Современник и горячий сторонник Дарвина Эрнст Геккель, не особенно и напрягаясь, в два счета изобразил на бумаге этакую лесенку из двадцати трех ступенек, наглядно иллюстрирующую для впечатлительных и вовсе неграмотных эволюцию от простого к сложному. На нижней ступенечке – бесформенная «нимфозория», далее идут трилобиты, рыбы, рептилии, млекопитающие, обезьяны. На верхней ступеньке, как легко догадаться, горделиво подбоченился человек разумный, то бишь гомо сапиенс.
Одна ступенечка меж человеком и обезьяной, собственно, оставалась пустой, поскольку никто еще в те времена не видел ни единой косточки, которую, пусть даже с превеликой натяжкой, можно было бы приписать «недостающему звену», полуобезьяне… или получеловеку, в общем, переходному варианту, который уже не обезьяна, но еще и не человек.
Упертого пруссака Геккеля такие мелочи не смущали. Он вновь взялся за карандаш и изобразил уже не лесенку, а раскидистое генеалогическое древо человека. А заодно исключительно из головы выдумал зародыша «переходного звена»: предъявил рисунок, в котором знатоки биологии моментально опознали человеческий эмбрион с головой обезьяны. И объявил:
– Я так вижу! Таким он был, и точка!
Естественно, посыпались насмешки. Знаменитый физиолог Дюбуа-Реймон тут же заметил:
– Эта родословная стоит не дороже родословной героев Гомера.
Профессор Рютимейер выразился покрепче:
– Гнилые деревья таких родословных, едва построенные, уже разрушаются и загромождают собой лес, затрудняя его разработку.
– Швайне! – беззлобно, порядка ради огрызнулся Геккель и продолжал рисовать древа и лесенки.
Персона, между нами, была жутковатая. «Социальные дарвинисты», полное впечатление, как раз от Геккеля и произошли. Вот пара образчиков его рассуждений.

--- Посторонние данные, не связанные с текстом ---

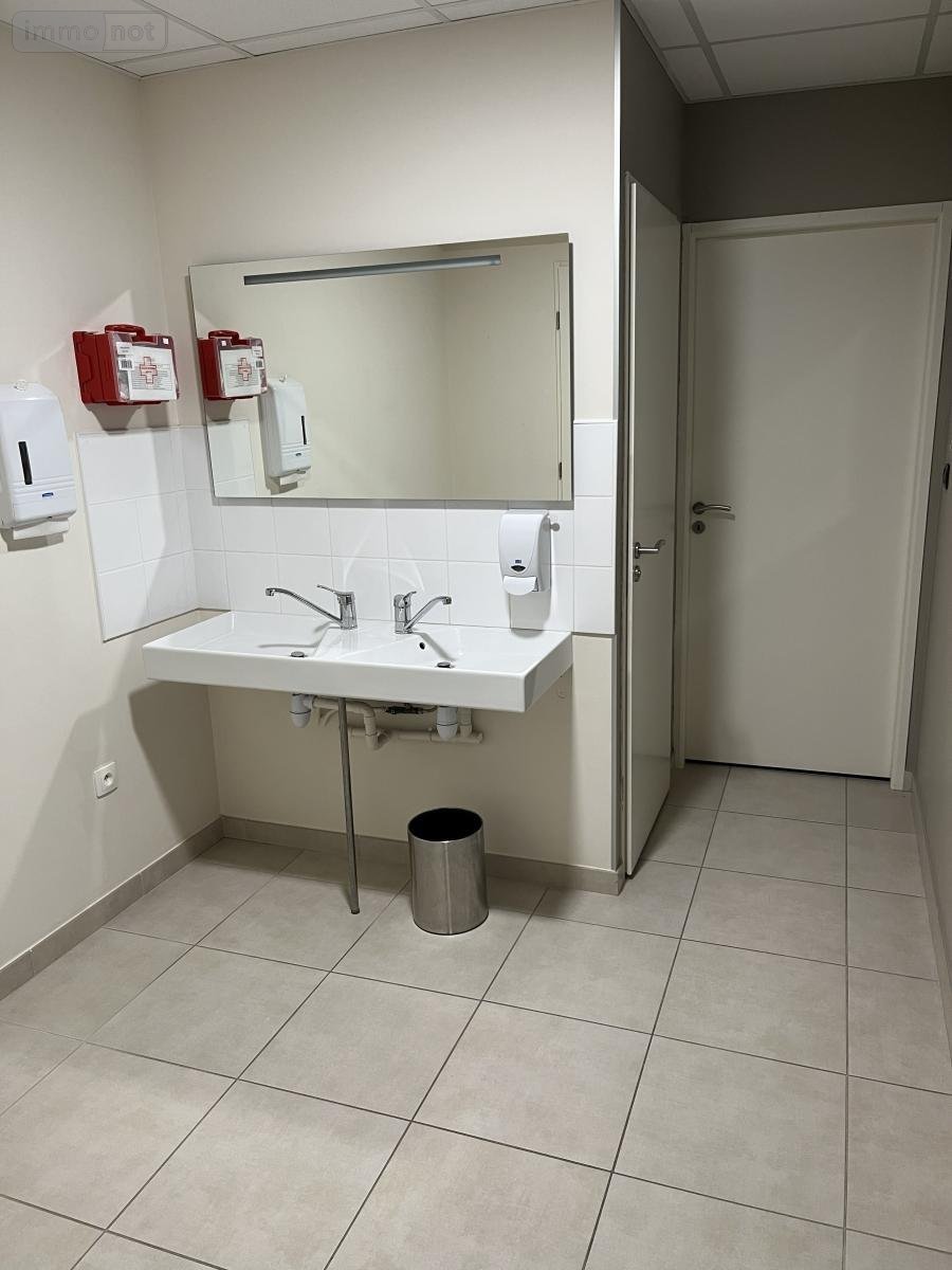 Rez-de-chaussée surélevé : Show-room, deux bureaux, salle de réunion, dégagement, cuisine, vestiaires, WC, réserve. L'ensemble pour 139 m².

«Каждый рассудительный и непредубежденный человек обязан рекомендовать теорию происхождения видов и вообще эволюционное учение как лучшее противоядие против безрассудной нелепости социалистической уравниловки».
«Разум является, большей частью, достоянием лишь высших человеческих рас, а у низших развит весьма несовершенно или же вовсе не развит. Эти первобытные племена, например, ведда и австралийские негры, в психологическом отношении стоят ближе к млекопитающим (обезьянам, собакам), чем к высокоцивилизованному европейцу; поэтому об их индивидуальной ценности жизни надо судить совсем иначе».

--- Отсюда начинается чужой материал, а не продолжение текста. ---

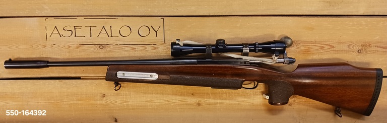 Soiva peli, tällä soittaa vielä kauan. Tikan jalat, Bushnell Banner kiinteä 4x päällä. Mettämallin raudat, Sporterin tukki.

Милейший дедушка, не правда ли? Дарвина он обожал настолько, что даже порывался создать новую религию в его честь – с храмами, проповедями и всем прочим. Религию он не потянул, но организовал «Союз монистов» – для пропаганды и распространения как дарвинских идей, так и своего в них творческого вклада, образчики которого я только что цитировал. Ничего удивительного, что ошарашенный всем этим Дарвин как-то вздохнул:
– Лучше бы он любил меня поменьше…
Самое интересное – то, что именно Геккель изобрел для «недостающего звена» термин «питекантроп», который прочно вошел в науку, как гвоздь в доску. По-гречески это означает «обезьяночеловек». Обрадованный Геккель пририсовал своего питекантропа на той самой пустой ступенечке… а его родиной предложил считать Лемурию, мифический континент, якобы затонувший в незапамятные времена в Индийском океане, как Атлантида – в Атлантическом. У меня есть циничное предположение, что подобным финтом хитрый пруссак обеспечивал себе пути к отступлению на случай, если при его жизни косточек «недостающего звена» так и не отыщут. Поди сыщи его на морском дне… Вам же немецким языком сказано: потонула Лемурия! Вместе с питекантропами! Я так вижу!

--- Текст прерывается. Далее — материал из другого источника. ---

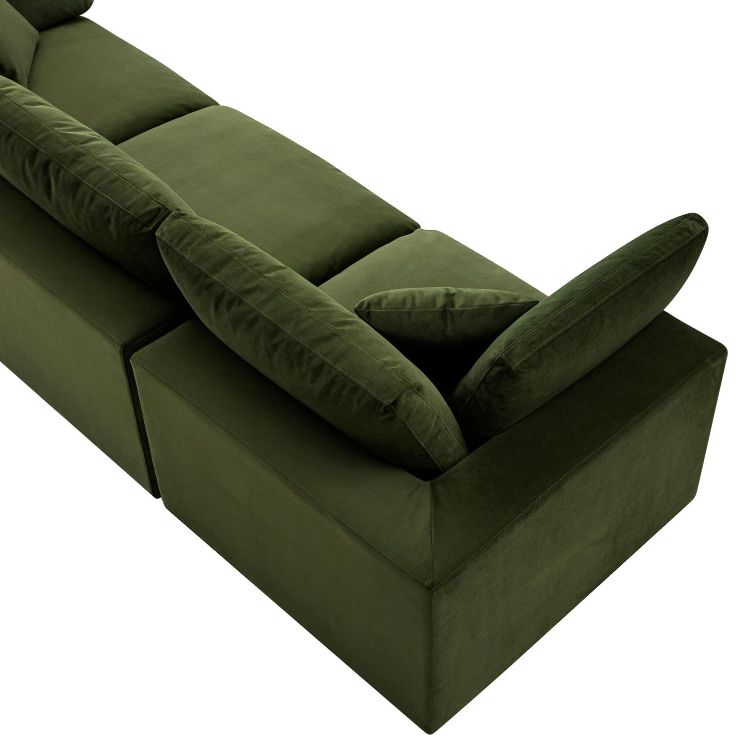 - The extra deep-seated sofa modules offers sink-in comfort with all cushions filled with soft goose feather and polyfibre wrapped around premium foam core.

Но не торопитесь над Геккелем смеяться. Это Дарвин, скончавшийся в 1882 году, так и не увидел своими глазами ни единого вещественного доказательства в поддержку своей теории. А вот жутковатый дедушка Эрнст Геккель, покинувший наш мир в 1919 году, так уж сложилось, успел насмотреться и нарадоваться на измышленного им питекантропа…
Следующая глава как раз и посвящена поискам «недостающего звена» – долгим, старательным, порой трагикомическим и, как теперь представляется, совершенно безрезультатным…
Глава четвертая
Погоня за призраком
Забегая вперед, скажу, что ученые все же ухитрились отыскать самую-самую первую праобезьяну. То есть, это они так говорят. Считают небольшого зверька тупайю из тропических лесов Юго-Восточной Азии самым древним известным науке родичем обезьян. Правда, за миллионы лет этот «родич» так и не захотел отчего-то эволюционировать, оставшись зверьком величиной с крысу, мало похожим на обезьяну и питающимся исключительно насекомыми. Почему так стряслось, ученые не объясняют – а впрочем, палеонтология, сиречь наука о наших древних «предках» – дисциплина настолько своеобразная (мягко выражаясь), что разобраться в ней без помощи толкового психиатра дело безнадежное…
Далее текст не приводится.